Les premiers challenges du hacking
2016 : une nouvelle année de rupture. La famille déménage à nouveau et s’installe à Rennes. « Encore une fois, faute de retrouver un poste en lien avec ma formation et mon expérience, j’ai dû me réinventer. » C’est le hasard, la découverte des challenges du haking en ligne qui va la pousser à s’intéresser de près à l’univers de la cyber. « Je me suis très vite prise au jeu. J’ai mis le doigt dans le stéganographie, à savoir l’art de dissimuler un message dans un support sans qu’i soit intercepté, et la cryptographie. Au bout d’un an et demi, je me suis autorisée à pousser la porte de certains experts en cybersécurité. Ma connaissance du russe alliée à ma formation de psychologue, puis en cyber ne me permettait-elle pas de décrocher un poste ? Et puis n’entend-on pas partout que la Cyber, a besoin de femmes ? Et qu’est-ce que la gestion d’une attaque informatique, si ce n’est la capacité d’une organisation à se régénérer, et d’aider l’être humain à dépasser une situation de crise ? » interroge Cécilia Jourt-Pineau.

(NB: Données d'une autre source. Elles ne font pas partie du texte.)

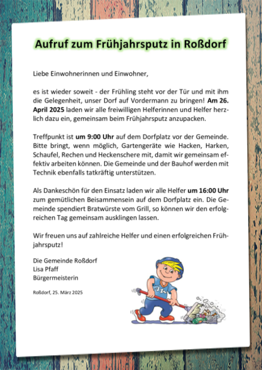 Frühjahrsputz 2025 - Gemeinde Roßdorf Rhön
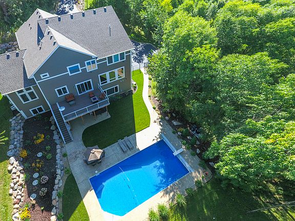 Call Top Professional in Cottage Grove Justyna Johnson Today 651 501-2345 Stunningly designed Custom Home in the one of the most private glorious 1.6 acres. Walk out to fabulous deck to gorgeous pool and gardens. Over 100K in exterior living invested. Impressive soaring 2 story foyer and splendid 12' high living and dining rooms. Gourmet kitchen & appliances. Grandeur and comfort meet together in this Brilliant designed home. Details abound. Luxurious owners retreat with library and full luxury spa bath. Super-sized upper level loft. Lower level is part finished with 5th bedroom. And massive 1700sq ft more space to finish plus Wirsbo Heated Floors, 6+ car garage Spectacular man cave.

2019, création de CY Mind à Rennes
Devant l’impossibilité de trouver un emploi, elle saute le pas de la création d’entreprise. En 2019, avec trois associés dont Eric Dupuis, Directeur du campus cyber Orange, elle fonde Cy Mind à Rennes, en partant du constat : « En France, 60% des PME qui se sont fait attaquées déposent le bilan dans les 6 à 18 mois qui suivent cette attaque. En fait plus d’une entreprise sur deux ne s’en relève pas. Sans compter le coût humain et l’impact sur les organisations qui sont terribles. » En parallèle, elle passe un certificat de cybersécurité au Cnam et rédige son mémoire de fin de formation sur les aspects psychologiques de l’ingénierie sociale. En 2021, Cécilia Jourt-Pineau est lauréate du Grand Défi Cyber, présenté par le Secrétariat Général pour l’Investissement et la même année, publie aux éditions L’harmattan « Pilotage stratégique 5.0 et résilience des organisations ». CY Mind est bel et bien lancé. « Nous avons démarré avec le développement d’une application qui permet d’obtenir un indice de confiance sur telle ou telle application. 110 d’entre elles sont à ce jour cotées. » Si le projet est momentanément suspendu, il reprendra dès que l’équipe aura réuni suffisamment de fonds pour poursuivre le développement, environ 100 K€.
La Fresque de la cyber, inspirée des neurosciences
En attendant Cy Mind axe principalement son action sur « la Fresque de la Cyber », un « serious game » sous forme de jeu de cartes centrée sur une cyberattaque. « 90 % des attaques cyber réussies ont utilisé l’humain pour entrer dans un système informatique », explique la fondatrice de la start-up. Avec notre « serious game », nous sensibilisons de façon ludique et scientifique les entreprises aux facteurs humains qui vont favoriser l’intrusion dans leur système informatique. Notre approche est basée sur les neurosciences, en se focalisant sur la se
nsibilisation et la prévention, la gestion du stress, de l’après-crise et de la résilience, en mettant aussi en place des cyber gestes et des cyber attitudes. C’est beaucoup plus impactant sur le long terme. »
Opérationnelle depuis six mois , la Fresque cyber intéresse déjà des organisations dans un contexte où les méthodes traditionnels ( formations aux seuls outils) semblent échouer à faire reculer le nombre de cyberattaques.